Sabah her şey normal başlamıştı. Okula geç kalmamak için aceleyle kahvaltımı yapmış, çantamı alıp koşar adımlarla evden çıkmıştım. Otobüs durağına vardığımda ise gözlerime inanamadım: Otobüs çoktan gitmişti. Telaşla saate baktım. Sınavın başlamasına sadece yirmi dakika kalmıştı. Kalbim hızla çarpmaya başladı. O an koşmaya başladım. Ayakkabılarım ayağımı sıkıyordu ama duramazdım. Her saniye çok değerliydi. Saniyelerle yarışıyordum.
“Bir mucize gerçekleşse…” dediğim o anda, karşımdan gelen bir adam elindeki elektrikli scooter’ı durdurdu.
“Yetişmen mi gerekiyor?” diye sordu.
Nefes nefese sadece “Evet!” diyebildim.
“Atla.” dedi gülümseyerek.
Hiç düşünmeden bindim. Rüzgar yüzümü okşarken umutla doldu içim.

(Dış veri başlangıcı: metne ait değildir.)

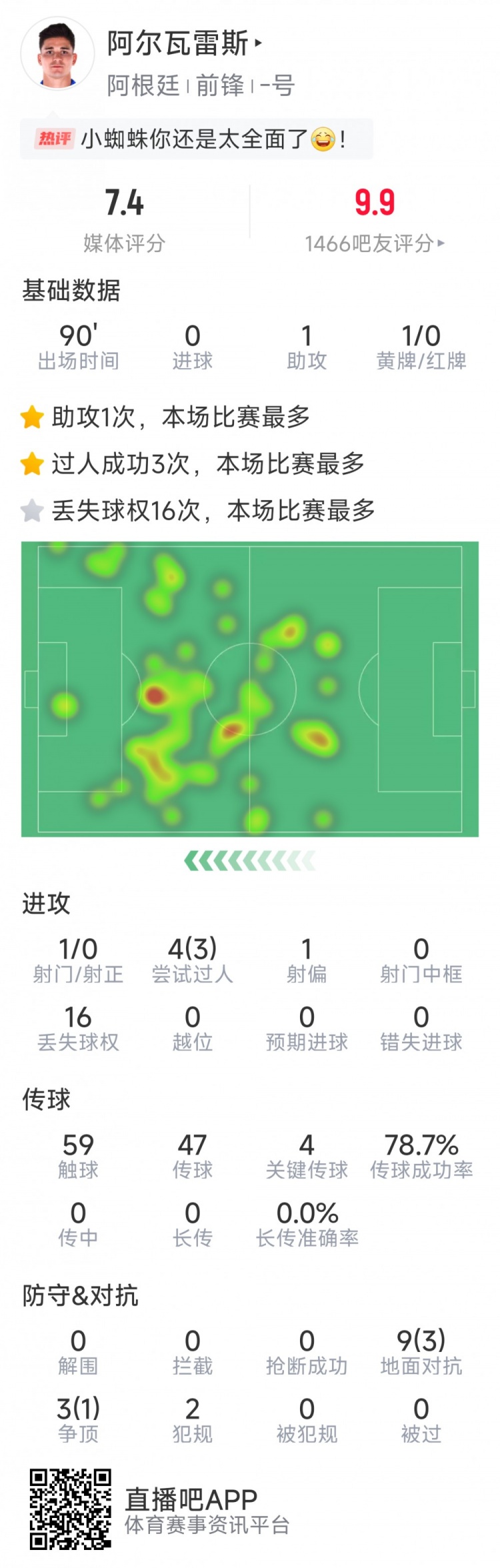 2025-03-22 16:16:24阿爾瓦雷斯本場數據:1次助攻,4次關鍵傳球,3次成功過人
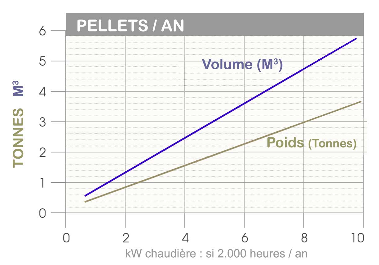 Une chaudière fonctionne l'équivalent de 1500 à 2000 heures / an : à pleine puissance. Pour les nouveaux bâtiments ou les installations existantes, on peut déterminer le volume de pellets consommé /an. Idéalement, la réserve de pellets devrait être remplie une fois par an.
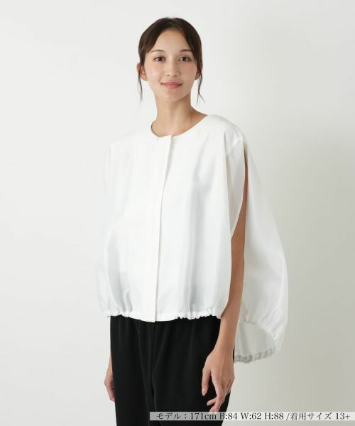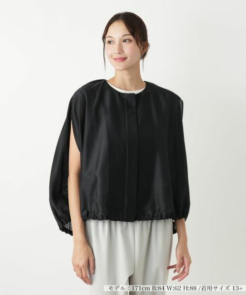 こなれ感のあるデザインが魅力のスリットスリーブのマントジャケット。薄手で透け感のある素材が風を通し、動くたびに揺れるシルエットが女性らしさを引き立てます。ゆったりとしたマント風のデザインに裾のドローコードがアクセントとなり、好みのシルエットに調節可能。袖口のスリットは腕の動きを妨げず、抜け感のある着こなしを叶えます。シンプルな仕上がりながら、上品な質感と軽やかな着心地がデイリーからきれいめシーンまで幅広く対応。季節の変わり目にも重宝する一枚です。

Okul kapısından tam zamanında girdim. Sınav başlamıştı ama hâlâ umut vardı.
Hızlıca kalem kutumu çıkardım ve sınava başladım. Önceki akşam çok çalışmıştım.
Sınav bittiğinde içimden derin bir “Oh!” çektim.

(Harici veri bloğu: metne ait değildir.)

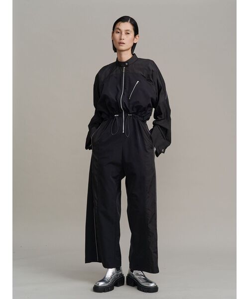 ウィンドブレーカーのディテールを落とし込んだジャンプスーツ。 ハリとしなやかさを兼ね備えたタフタ素材が、見頃から太めの袖口にかけて生まれる立体的なボリューム感を演出します。 袖下にはゴムスピンドルを施し、袖丈を自在に調整可能。 パンツ部分はワイドシルエットで、サイドに大胆な曲線を描く同トーンの配色切り替えをアクセントに。ウエストはゴムスピンドルで一部調整可能。 大きめにつくられた袖口の大きさはドットボタンで調整可能。 スポーティーな要素をベースにしながら、異素材の切り替えでモードな印象に仕上げた一着です。 ※製品時、モデル着用サンプル(38サイズ)より着丈+3cm、ヒップぐるり-4cmになります。 ----------------- 透け感:なし 生地の厚さ:普通 裏地:なし 伸縮性:なし ウエスト:一部ゴム -----------------
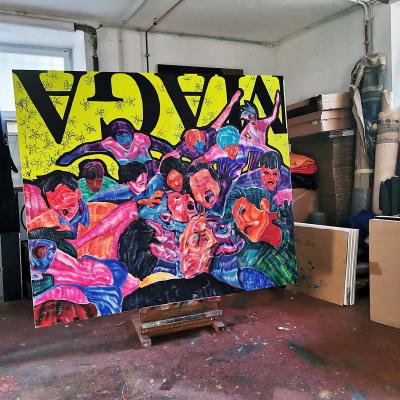 Die Serie „On The Brink“ von Götz Friedewald ist ein beeindruckendes künstlerisches Statement, das die Grenze zwischen Euphorie und Chaos, Ekstase und Abgrund erforscht. In leuchtenden Farben und expressiven Formen fängt der Münchner Künstler eine kraftvolle Energie ein, die den Betrachter unmittelbar in ihren Bann zieht. Die Bilder zeichnen sich durch ihre lebendige Dynamik und eine geradezu beängstigende Intensität aus, die sowohl faszinierend als auch verstörend wirkt.
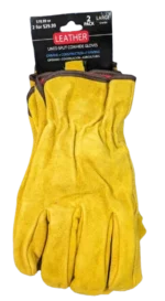 Split cowhide leather gloves lined for comfort, durable protection in driving, construction, and farming. Large size, 2-pack heavy-duty work gloves.
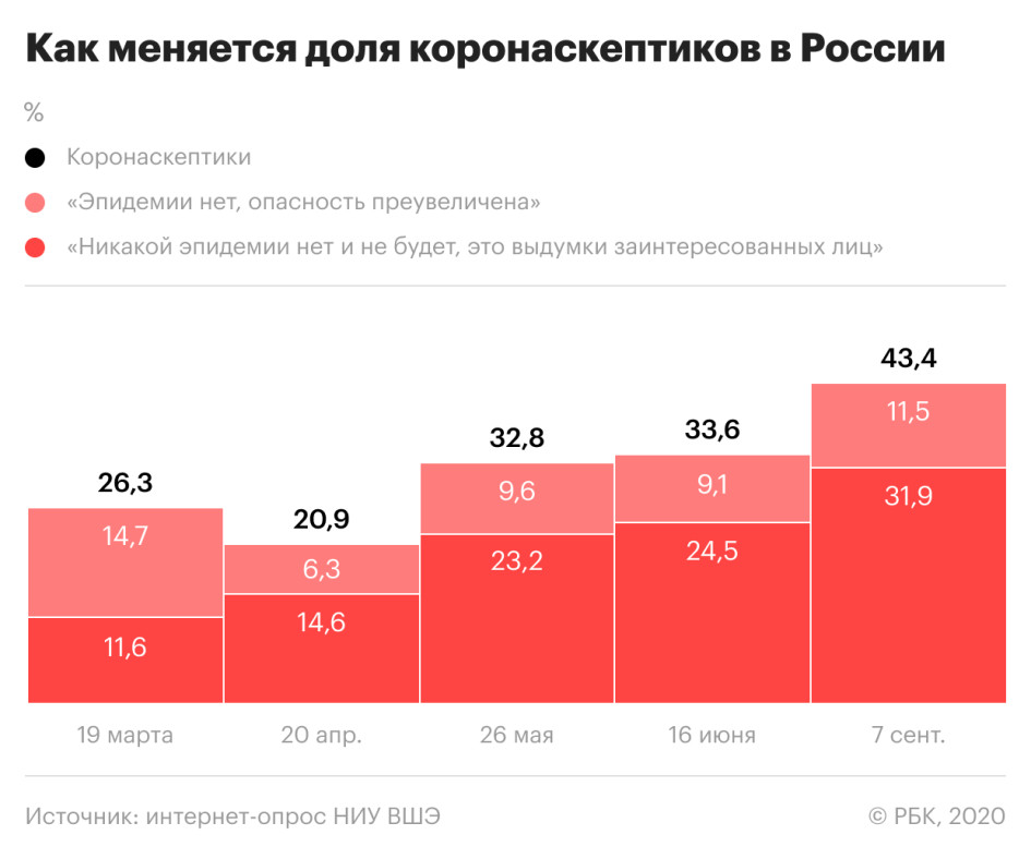 Согласно интернет-опросу НИУ ВШЭ, проведенному 5–7 сентября, 43,4% россиян оказались коронаскептиками. В их число входят те, кто считает, что никакой эпидемии нет (и что это выдумки заинтересованных лиц), и те, кто полагает, что опасность болезни преувеличена. 19 марта доля высказывавших такое мнение была значительно ниже — 26,3%. А минимум был отмечен в ходе опроса 20 апреля: тогда в опасности коронавируса и наличии эпидемии сомневались 20,9% респондентов.
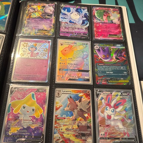Samlarkort från Pokémon i olika varianter och färger för samlare. Kort förvarade i plastfickor organiserade i pärm. Passar för samlare och entusiaster av Pokémon-kortspel.
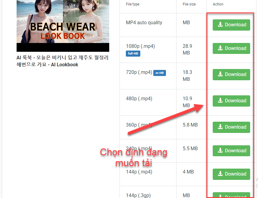 Lựa chọn định dạng cần tải sau đó click vào Download
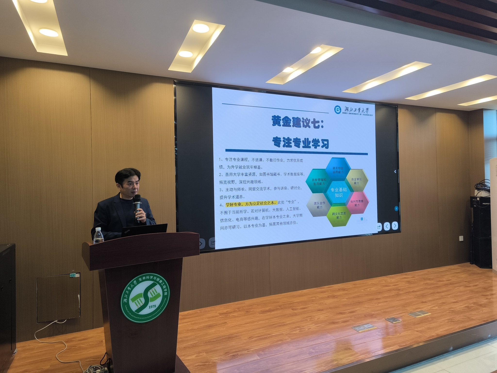 梅林锋校友以“大学生活黄金建议”为开端,结合自身从湖工大学子到多家科技企业创始人的成长轨迹,回顾了27年前自己从黄梅农村踏入湖工校园的求学经历,从“普通话不流利”到创办科技企业的奋斗历程,鼓励同学们珍惜校园生活的每一天。

O adam bana yardım ettiği için buradaydım.
O gün okuldan dönerken onu aradım ama göremedim.
Ertesi gün okula gittiğimde sınavlar açıklanmıştı ve 100 almıştım.
Okul çıkışında, yolda bana yardım eden adamı tekrar gördüm.
Ona olan her şeyi anlattım.
Çok minnettar olduğum için kendi harçlığımla ona yemek ısmarladım.
O da gülümsedi ve sadece “Teşekkür ederim.” dedi.